However, Bush is certainly not the only culprit. The French have talked passionately about sending aid but it appears they are unwilling to go alone, perhaps a wise precaution since some of the warring factions in DRC would consider them to be enemy combatants. But still, they have only talked.


Canada has declared a willingness to participate, yet it appears that Canada's only commitment might amount to no more than loaning the U.N. two airplanes. For a nation that has prided itself on its role as peacekeeper, this is almost an insult to the intelligence. Prime Minister Jean Chrétien deserves a lot of credit for efforts made last year to keep Africa on the agenda of the G8 nations' summit and for work to ban and remove landmines; and a previous prime minister, Brian Mulroney, deserves credit for his efforts to persuade the world to bully South Africa into abandoning Apartheid. Further, it is inconceivable that there are any Canadians who are feeling proud of their help to the needy at this moment. Nos culpos.


Britain has indicated a willingness to join the French action but as recently as May 26, a Member of Parliament in Britain accused the government of hypocrisy. It appears that Britain has been the source of much of the weaponry being used by the fighters in DRC (and other volatile African regions). MP Norman Lamb says Britain's actions undermine its claim to have an "ethical" foreign policy, that its claims are a sham. We will all recall that Prime Minister Tony Blair cited ethical reasons for intervening in Iraq but it appears his ethics might be somewhat, ahem, flexible. Britain is the world's second largest exporter of weapons (after the United States) and has clearly profited from the many years of turmoil in DRC and other African hotspots.

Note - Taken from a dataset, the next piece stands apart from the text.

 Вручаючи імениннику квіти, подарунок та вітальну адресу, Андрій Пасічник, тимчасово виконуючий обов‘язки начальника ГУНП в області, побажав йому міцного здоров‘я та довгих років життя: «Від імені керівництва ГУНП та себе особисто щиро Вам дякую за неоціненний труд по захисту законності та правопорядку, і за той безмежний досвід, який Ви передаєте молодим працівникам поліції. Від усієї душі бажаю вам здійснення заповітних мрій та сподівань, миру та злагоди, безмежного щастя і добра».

A story appearing in Canada's Globe and Mail newspaper on May 27 begins: "Few places on Earth need help more than the Democratic Republic of Congo. Civilians, including thousands of panicked refugees, are at the mercy of armed, drugged militias, which appear intent on slaughter. In early May, Oxfam appealed to the U.N. Security Council to deploy a rapid-reaction, peace-enforcement effort. U.N. commanders in the present mission have cabled New York daily, pleading for reinforcements. Sound familiar?" It does indeed sound familiar, and the gist of this article is a justifiable slap against Canada's weak-kneed response to this tragedy.

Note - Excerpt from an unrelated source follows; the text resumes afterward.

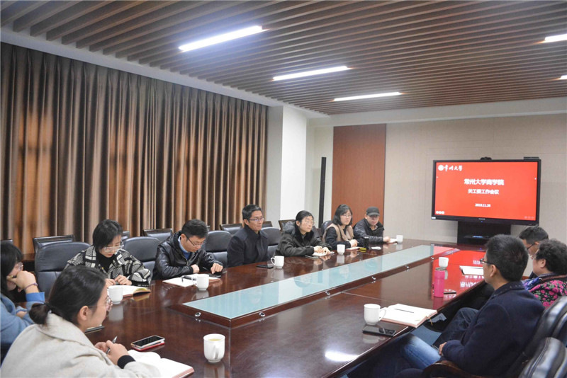 11月28日上午,商学院、经济学院在西太湖第一会议室召开了关工委工作会议,院党委副书记、院关工委副主任委员龙涌澜主持会议,院关工委委员范俊杰、学工办主任刘峰出席了会议,参加本次会议的还有学院各年级辅导员。

Nicholas Kristof writing in the New York Times, also on May 27, writes: "In Congo ... 3.3 million people have died because of warfare there in the last five years ... That's half a Holocaust in a single country. Our children and grandchildren may fairly ask, 'So, what did you do during the African holocaust?'" His article describes the failure of much of the African continent to manage itself but also points fingers at ineffective policy from the West and misspent financial aid.

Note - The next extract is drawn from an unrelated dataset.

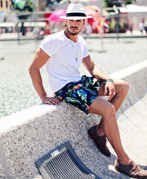 Mesmo sendo uma peça despojada, usada em ambientes bem descontraídos, também é possível montar um look com uma pegada fashion bem forte usando shorts. Começando pela camisa, como dito acima, passando por um sapato mais sofisticado (ainda casual) e acessórios estilosos, como óculos escuros com armação bacana e um Panamá de qualidade. Aqui o caimento fala alto, então tente encontrar peças que sejam confortáveis mas não estejam largas demais.

A special report appearing in Britain's The Observer last week noted: "It is hard to imagine the situation can get any worse -- but it is doing so." This report, prepared by François Grignon who is Central African Project Director of the International Crisis Group, highlights the history of ethnic rivalry but puts the blame for the current violence squarely on the shoulders of the United Nations, the United Kingdom, and the United States. He points out that the local U.N. officials in DRC requested troops for the area, with arms, as early as last summer. This was in anticipation of a power vacuum being created when Rwandan and Ugandan forces, who had been backing different rebel groups, withdrew from DRC. Unfortunately, President Bush refused to support their request for extra troops. Washington did finally give approval in December, but only on a staged basis; very few of them have arrived to date.


The U.N. mission in DRC is known as MONUC, and it is a dismal failure, according to Grignon. Its costs amount to $1.5 million per day but its only mandate is to carry out ceasefire monitoring and voluntary disarmament. That's a lot of money for sitting and watching. Grignon says that Britain's policies of giving unconditional aid to foreign combatants in DRC (Rwanda and Uganda) have simply provided those nations the means to prolong the fighting in DRC.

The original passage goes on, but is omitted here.